Demos um jeito até de fazer couve à mineira. Aqui não tem a nossa couve, tem uma tal de “berza” que se parece, mas nem sempre a gente consegue achar no mercado. Entretanto, tenho meus macetes, em caso de emergência, há outras duas opções, a folha de acelga e a couve-de-bruxelas picada e preparada da mesma maneira. A folha de acelga é melhor. Claro que o vendedor da mercearia não entendeu nada quando perguntei se tinha berza e, depois da resposta negativa, perguntei pela acelga que também funcionaria. Comprei uma braçada de acelga, literalmente, porque aquilo mingua bastante depois que cozinha. Refogada com muito alho, bacon e costelinha em cubos… ¡hombre!
Deu um trabalho do cão, mas valeu a pena. Fiz com gosto e modéstia às favas, a fejuca ficou de “puta madre”! E isso em espanhol é um elogio!
Não sou daquelas que fazem cerimônia em relação à própria comida, como tanto ou mais que meus convidados.

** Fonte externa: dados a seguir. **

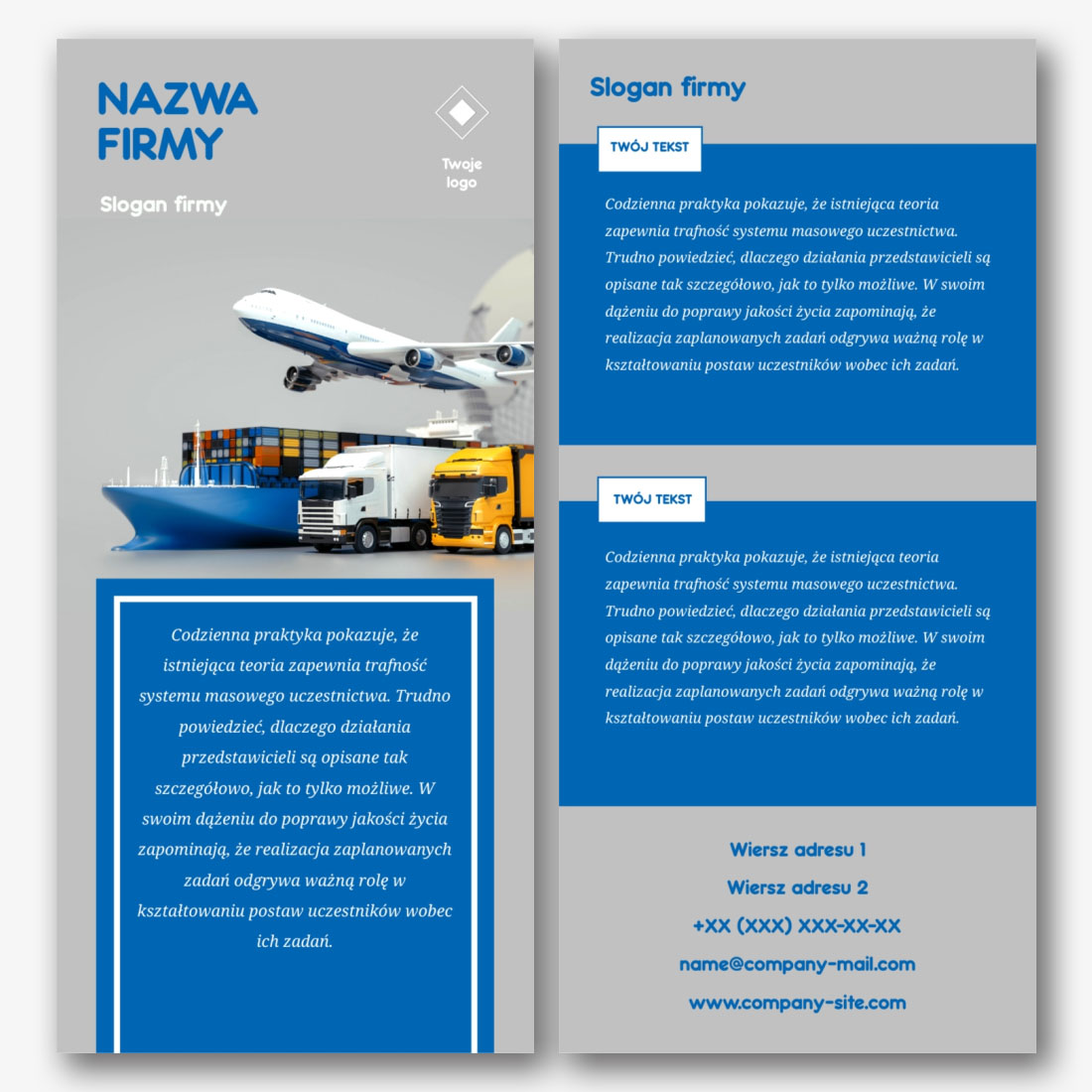 Szablon ulotki międzynarodowej firmy logistycznej

Pois me atraquei com as lingüicinhas defumadas, carne seca e aquele feijão grosso. Qualquer tentativa de dieta seria impossível, não que tenha me esforçado muito por isso.
Luiz me pareceu bem tranquilo e ouvi da sua própria boca a possibilidade de transformar a feijoada do seu aniversário em tradição da casa. Isso sim é uma revolução! Ou será que foi a caipirinha?

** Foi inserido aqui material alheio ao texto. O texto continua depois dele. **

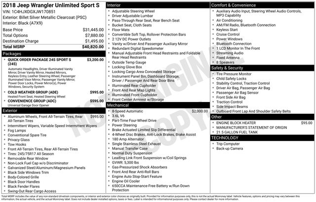 2018 Jeep Wrangler Unlimited Sport S SUV V6 24V VVT
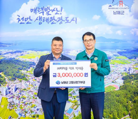남해군은 21일 ㈜미라클 박세웅 대표가 고향사랑기부금 300만 원을 기탁했다고 밝혔다.

Estranhei a falta de um casal de amigos que havia me confirmado presença. Como eles tem uma bebezinha, e crianças são imprevisíveis, imaginei que talvez na hora de sair houvesse algum contratempo. Depois ligaria para ver o que aconteceu.
Enfim, passado meu habitual stress se teria comida e lugar para todos, me diverti bastante e matei o desejo de comer a tal da feijoada. E o principal: Luiz satisfeito e amigos repletos! Fiquei feliz.
Só faltou uma coisa: uma fileira de redes para dormir. Lógico que bateu a maior lombeira generalizada! A conversa começou a ficar um pouco lenta, os olhos meio caídos, o sofá mais disputado… e assim a festa foi chegando ao fim, com a promessa sem muita credibilidade de nos encontrarmos mais tarde para a “movida madrileña”.
Logo que o pessoal saiu, dei aquela encostadinha básica de quinze minutos no sofá, só para descansar um pouquinho. Quando abri os olhos, havia passado uma hora e meia e a casa já estava mais organizada. Em caso de reuniões, sou especialista no antes e Luiz no depois.
Daí fomos bater aquele papinho no quarto da TV e resolvi checar os e-mails no computador. Era por volta das 21:00hs e o interfone tocou. Brinquei com o Luiz: são nossos amigos que não vieram no almoço! Ele foi atender e não é que era mesmo nosso amigo! Começamos a rir pela confusão, mas ao mesmo tempo, fiquei na dúvida se havia acontecido alguma coisa e achei melhor ver primeiro o que tinha ocorrido.
Chegou nosso amigo sozinho, sem a esposa e a filha. Ele estava com o rosto de quem achava algo estranho e perguntei a ele, assim meio desconfiada, você sabia que era almoço, né? Claro que não. Coitado, acho que ele queria sumir! O pior é que se eles soubessem que era um almoço, a esposa e a filha poderiam ter vindo.
Esclarecido o mal entendido, demos boas gargalhadas e convenhamos, pode ter sido um pouco constrangedor, mas foi muito engraçado! Nesse momento, ele só podia agradecer o fato de não ser uma festa a fantasia! E, já que estávamos ali mesmo, por que não o segundo turno da feijoada? Começamos outra vez e no final, ainda mandei uma quentinha para minha amiga não ficar aguada.
Óbvio que depois ninguém aguentou sair coisa nenhuma! Enrolamos um pouco vendo televisão e dormimos como duas rochas.